The experimental technique consists of the double lane of cars snaking through the parking lot. That was not enough, however, to keep traffic from spilling over. You can see the queue reach the roadway just before 7 a.m. and spill over onto the highway soon after. Also notice the five or so employees (or volunteers) helping get kids safely from the car door to the school entrance. That whole process takes almost an hour.

David Bruce, who posted the video, says the NCDOT pilot was not deemed successful enough to continue permanently.

According to Bruce, Unionville does have school buses, but many parents think they come too early, so they drop their children off on their way to work. The school draws from a radius of about 15 miles, so not all kids could walk or bike even if it were safe to do so.

From the looks of it, no kids can walk or bike to Unionville Elementary school. Better planning can help avoid this kind of situation in many cases. Schools trying to avoid transportation headaches can site the school in a relatively walkable area, near more homes. Sidewalks and bike lanes, of course, also help.

  • belaroo

    Unbelievable. Very good example of how grownups really don’t know what’s good for them.

  • Mursu

    The shame of having to ride the bus to school. And no, I am not trolling or exaggerating. This started being the case 20 years ago, with bus-riding kids being ridiculed for riding the bus and has definitely only gotten worse over the past two decades.

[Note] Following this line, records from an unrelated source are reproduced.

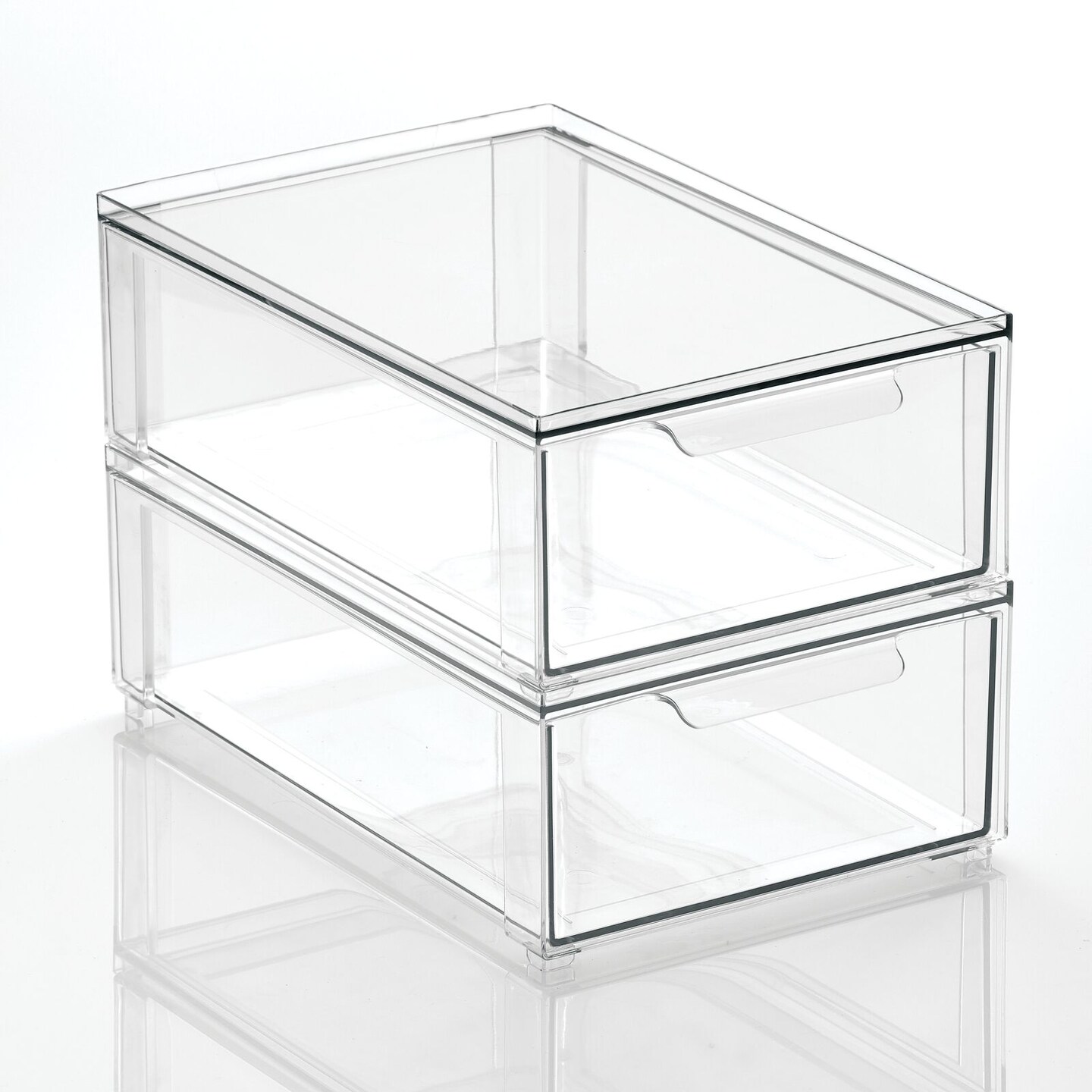 mDesign Stackable Kitchen Storage Bin Box with Pull-Out Drawer - Clear
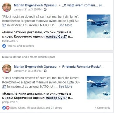 Captură după distribuirea articolelor propagandistice traduse și distribuite pe grupuri pro-Kremlin de utilizatorul Marian Oprescu (Sursa: Facebook)
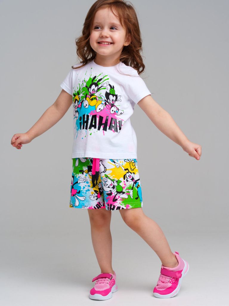 Комплект: футболка, шорты из качественного и приятного на ощупь трикотажа джерси. Высокое содержание хлопка 95%. Благодаря наличию эластана в составе ткани изделие проще в уходе и держит форму. На плече застежка на кнопки. Эластичный пояс со шнурком.
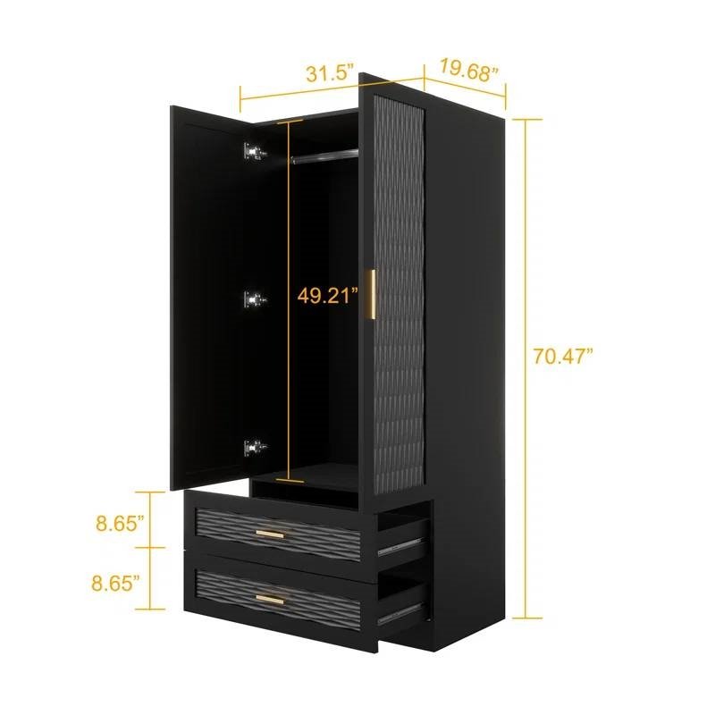 This Black Wardrobe Armoire Cabinet with Mirror Hanging Rod and Storage Drawers adopts a 2 door design, elegant and atmospheric, easy to integrate into your bedroom or checkroom to meet diversified storage needs. armoires and wardrobes is embedded with a full-length mirror, which not only saves extra space, but also makes it easy to check your daily outfits and adds brightness and a sense of openness to the room. Built-in a sturdy hanging rod and 2 drawers, suitable for hanging and folding long and short clothes, perfectly adapting to different storage needs. Every aspect of black armoire wardrobe closet has been meticulously designed, with rounded edges to prevent bumps and bruises, and a smooth surface that is easy to clean and maintain. Robust hinges ensure quiet and seamless door operation, elevating the overall user experience. More than just a garment sanctuary, this large wardrobe closet embodies a lifestyle choice. We provide complete installation instructions and Videos for all of our wardrobe cabinets, and all screws and parts are numbered. All pieces of the armoire wardrobe cabinet are clearly labeled. With detailed paper and video instruction, you won't get stuck with assembly.

    It’s not laziness, it’s worse. It’s peer pressure and social acceptance, the two building blocks of the high-school existence. Seems like it is expanding to elementary school as well.

  • megalass

    We have a new school in a new walk-friendly “new urbanism” neighborhood nearby. School buses are available for more distant kids. Yet every afternoon, there’s still a huge line of cars outside. Ridiculous.
    Given the demographics of the school, I suspect a lot of these parents are ferrying their kids to various after-school “enrichment” and athletic activities: because God forbid a kid should just go home and play or read or something.

  • whittx

    But only if it is a neighborhood school. If it is a charter or magnet school built into a walkable neighborhood you encounter the same problems.